**Provided data:**
——
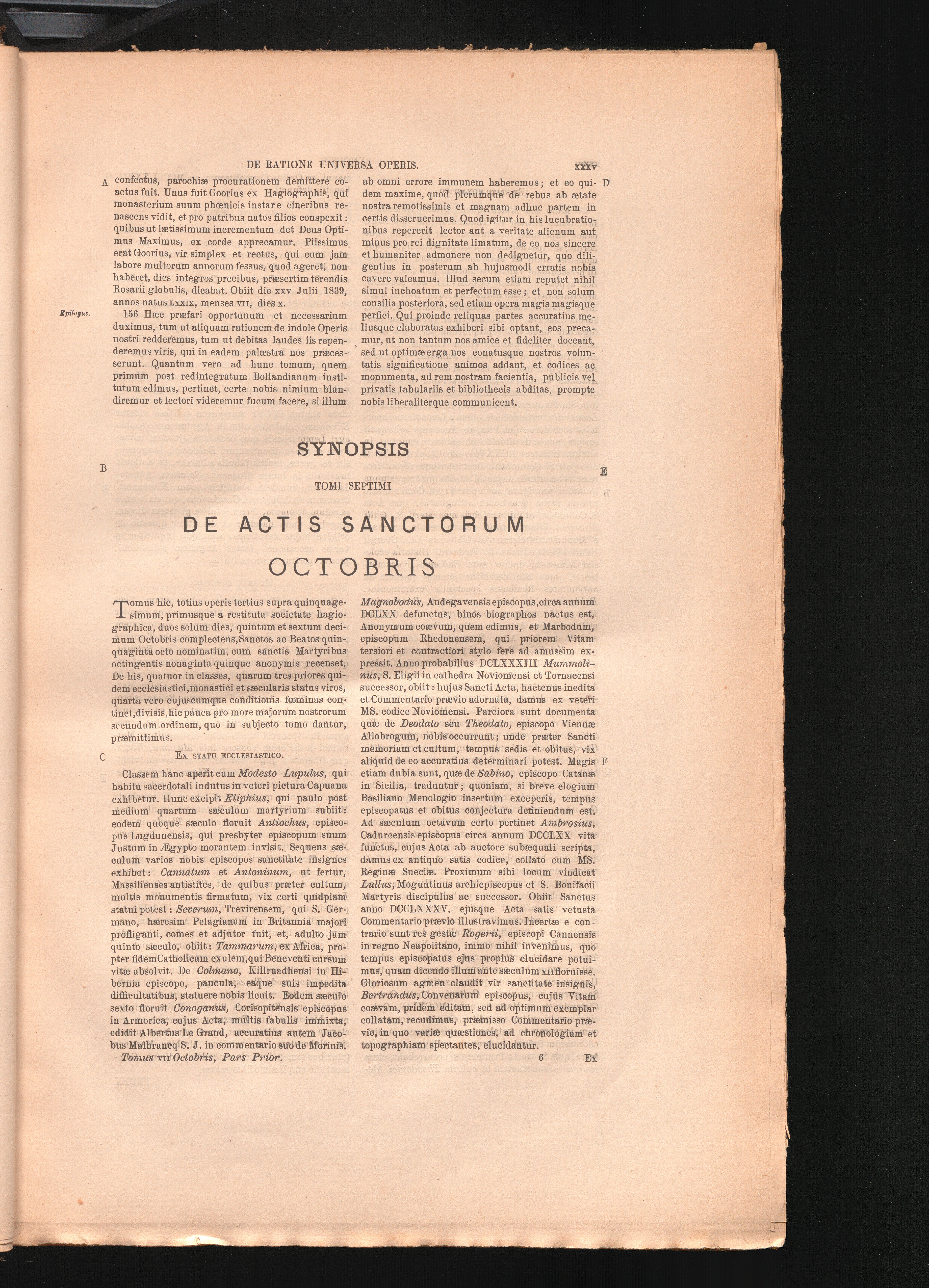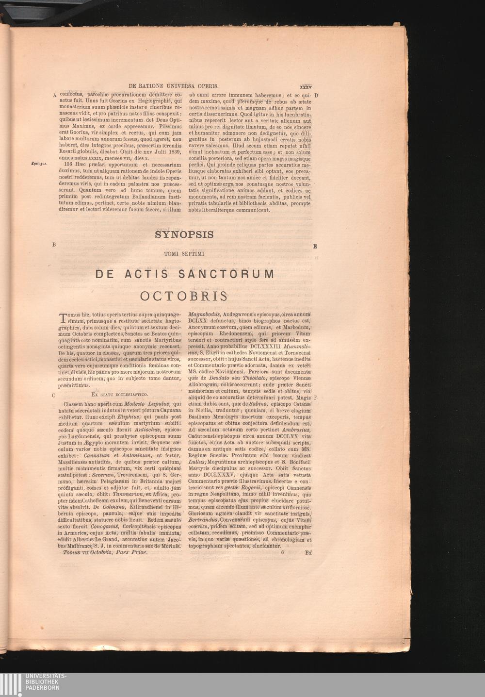 Synopsis Tomi Septimi De Actis Sanctorum Octobris
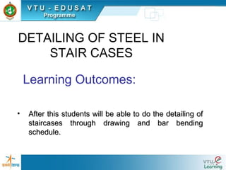 3) Detailing principles for steel in staircases including main steel, distribution steel, and anchorage.
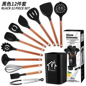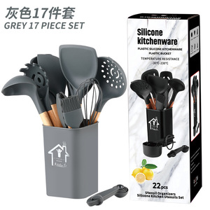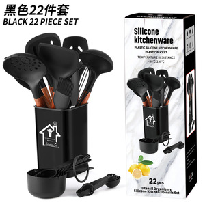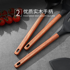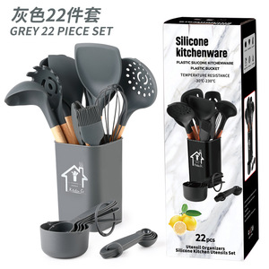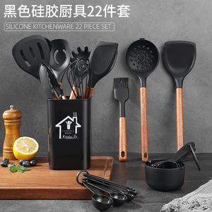 国境を越えた高品質のシリコンキッチン用品スパチュラとスプーンセット木製ハンドルシリコンスパチュラ食品グレード22ピースシリコンザルセット
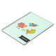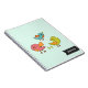 A spiral notebook personalised with your name inside a black ribbon image. Designed with a trio of cute and whimsical hand-drawn birds. 2 of the birds are standing together with some tiny green pine trees in between their feet. Another blue bird is flying up in the air between them. Mint green background.
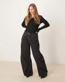 Gina Tricot Barrel Leg Jeans In Clean Indigo Blue Rinse Wash For Women Indigo Rinse Wash
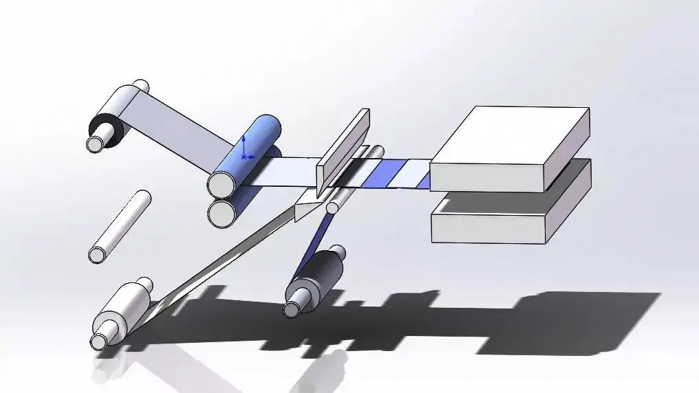 工作要素:横向裁切刀,异步拉开间距,同步模切。
——
**The task:** Where pictures appear, omit them, and transcribe exactly, with nothing else, the lines from the line with "Gina Tricot Barrel" through the final line of the records above, both ends included.

**Reply:**
 Gina Tricot Barrel Leg Jeans In Clean Indigo Blue Rinse Wash For Women Indigo Rinse Wash
 工作要素:横向裁切刀,异步拉开间距,同步模切。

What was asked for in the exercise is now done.